Glenn Simmons and Josey, Nashville TN

Paden Simmons and Dylan Simmons, Amtrak Train NY state

Tamra Simmons Nashville TN

Cross, Pensacola Beach

 

Many Voices

Upon following Native news and especially the situation and devastation at Standing Rock, I’ve written this lyric as a partial response. Music to follow. Aho

Many Voices

We are the Native skin-  your long forgotten kin

But brothers to the four winds that blow- Navajo

 

We’ve come to share a word- one we’ve said but not been heard

And the time is now to listen and see- Shawnee

 

Our earth is crying out- as she shakes and shouts

There’s no doubt- you know this is true – Standing Rock Sioux

 

We all have to stand together- hand n’ hand here forever

To save what you seem determined to kill

The wind and the water and every flower on the hill

 

Tomorrow is paid for by today- so we must choose the better way

This is what our old ones say and the wisdom of the age- Ojibway

 

She’s been too long in her tears- ravaged by your money and the years

And we fear soon she will just let go- Arapaho

 

We must teach our children to listen- to the voice that’s been missing

It’s the one that’s true and can’t be sold- Seminole

RPT Chorus

Bridge

Come on brother Choctaw- come on brother Kickapoo

Muscogee and Cheyenne

For the children we must protect the land

Repeat Chorus

Seasons Change

In the past few days Fall has tapped us on the shoulder reminding us of cycles and circles. The heat of Summer will take a few more swings at us here in middle Tennessee but it’s veracity is waning. It is time to let go.

In the culture that I was raised in and what is probably true for most of us is when the season changes, we always respond  by how they make us feel. That seems fairly natural to most of us. But I think that there were cultures back when people lived closer to the Earth, that weren’t quite as self-centered as we are today. They understood the Earth as a teaching tool and they saw themselves as part of the whole. All life journeyed in continual cycles and circles. 

To get outside of ourselves for a moment to let nature and the universe become the true teachers that they are, is a forced action for us. Not one we’ve been taught but one we respond well to, once our ancient spirits are reminded. 

The old ones that lived closer to the earth, the great teacher, understood the harmony needed to live a centered, balanced and healthy life. 

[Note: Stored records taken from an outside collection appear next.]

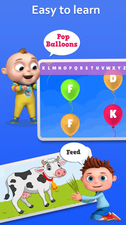 - Improves Co-ordination and Learning - Classic balloon popping game for with colorful balloon to learn alphabet, numbers, shapes, fruits and colors.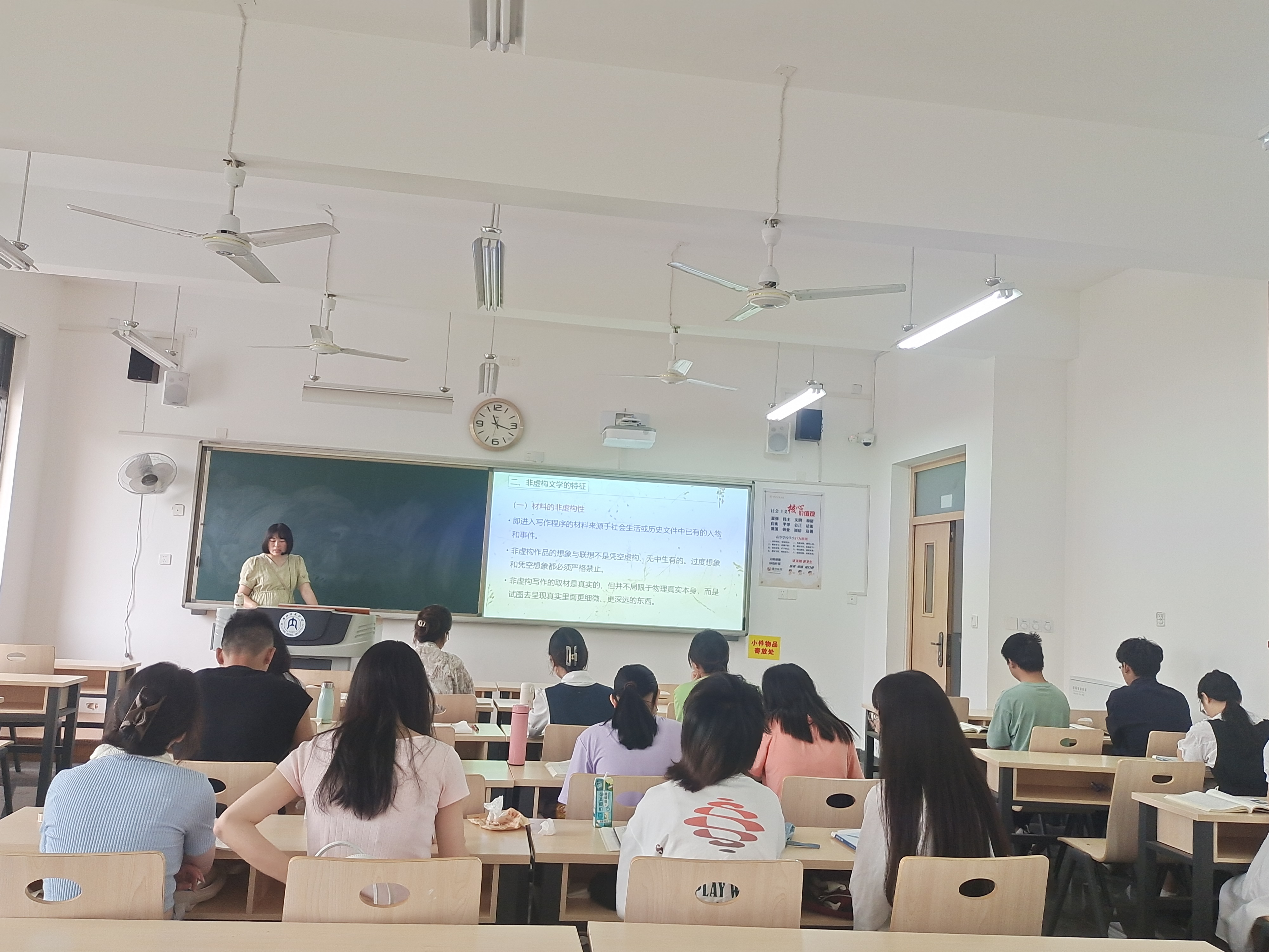 为了打造“金课”,促进一流课程建设,提高青年教师授课质量,文艺学教研室拟在青年教师中开展教学评比活动。3月21日上午10点,在明德楼A区208教室,文艺学教研室蒲丽君老师的讲课在员工的期待中展开。蒲老师的讲课主题为“非虚构文学的特征”,课程讲述从写作的材料来源、想象的现实基础、材料呈现的细腻性等方面展开,蒲老师讲课紧扣主题,举例详实,与员工交流互动良好,用自己对内容的准确把握带给员工对知识的很好掌握,同时,穿插一些幽默风趣的语言令课堂轻松惬意,掌声不断。课后教研室同仁与蒲老师进行了交流,除了肯定优点,大家主要围绕课件制作如何更精美、如何优化课堂设计进行了讨论。蒲老师表示下来要认真修改课件,在教学各个环节进行优化,以达到最好的教学效果。
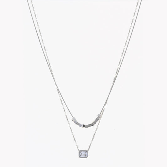 Colar duplo pedra retangular

I’ve heard for years how the Fall is a time of clearing our spirits before the earth goes to sleep, so once the renewal of Spring arrives we are not carrying our past burdens.  That even the trees which have great wisdom let go of thier leaves so they can grow again. It’s a season of reflection and quiet easing into our own personal hibernations.

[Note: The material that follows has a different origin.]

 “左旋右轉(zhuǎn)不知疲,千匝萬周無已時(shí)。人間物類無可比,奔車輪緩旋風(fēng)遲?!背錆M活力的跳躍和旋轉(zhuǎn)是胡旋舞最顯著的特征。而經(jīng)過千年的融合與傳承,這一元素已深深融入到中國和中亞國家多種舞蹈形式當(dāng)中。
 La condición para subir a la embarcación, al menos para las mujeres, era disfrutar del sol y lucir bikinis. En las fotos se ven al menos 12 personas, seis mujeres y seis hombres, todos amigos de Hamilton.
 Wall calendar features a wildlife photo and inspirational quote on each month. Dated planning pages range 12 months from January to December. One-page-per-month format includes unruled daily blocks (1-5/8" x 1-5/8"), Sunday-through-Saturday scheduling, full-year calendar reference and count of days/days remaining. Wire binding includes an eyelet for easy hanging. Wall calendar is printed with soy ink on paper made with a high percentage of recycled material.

I like these words from the Ojibway….. “In traditional cultures, the cycle of seasons was and often still is recognized and celebrated with ceremonies. These ceremonies are a way of obtaining and maintaining harmony with the natural world. For humans to live with happiness Harmony and health they must be in tune with the continually changing world around them.”

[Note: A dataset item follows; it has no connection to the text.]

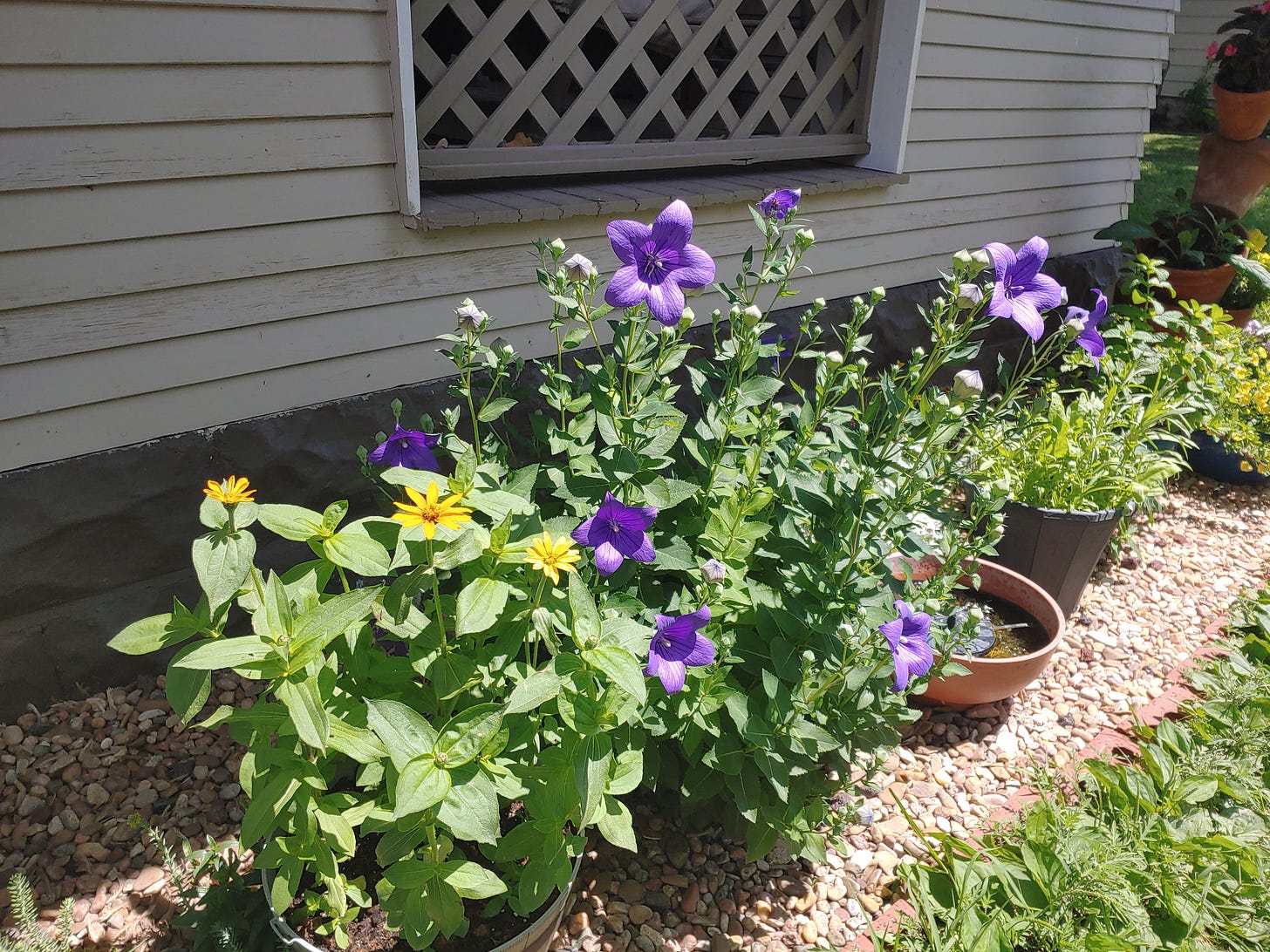 This week the beautiful balloon flowers opened up! They are the purple flowers in the above picture. Aren’t they so pretty? The weather is starting to warm up — the hot and humid days of Kansas! The flowers are loving the sunshine though and we are really enjoying them.

So along side campfires, football and sweaters remember the symbolism found in creation used to teach us. Remember the tree letting go of its leaves as we let go of anger and jealousy. Sometimes we are letting go of a loved one. Remember the snake as we shed old habits that keep us from harmony. 

Everything in the circle does the same thing in it’s own way. I wish you a good season change and for your spirit to fly higher without the baggage it has accumulated this past year. Aho, good travels on good roads to you all…

Journey on

I used to have a distant thought that there were two events that really connected us as humans. We were all born and we all must pass. The “dash on the tombstone dates” as Kevin Welch calls it, is where we all went our own way. While some similarities and parallel roads occurred, we didn’t reconvene on the big stuff till the end.

Now I’m beginning to shape the idea that while it looks different for us all, the “dash” is the thread that connects those two events for us as individuals of course but also as the family of man. The children of one Creator/ Creation.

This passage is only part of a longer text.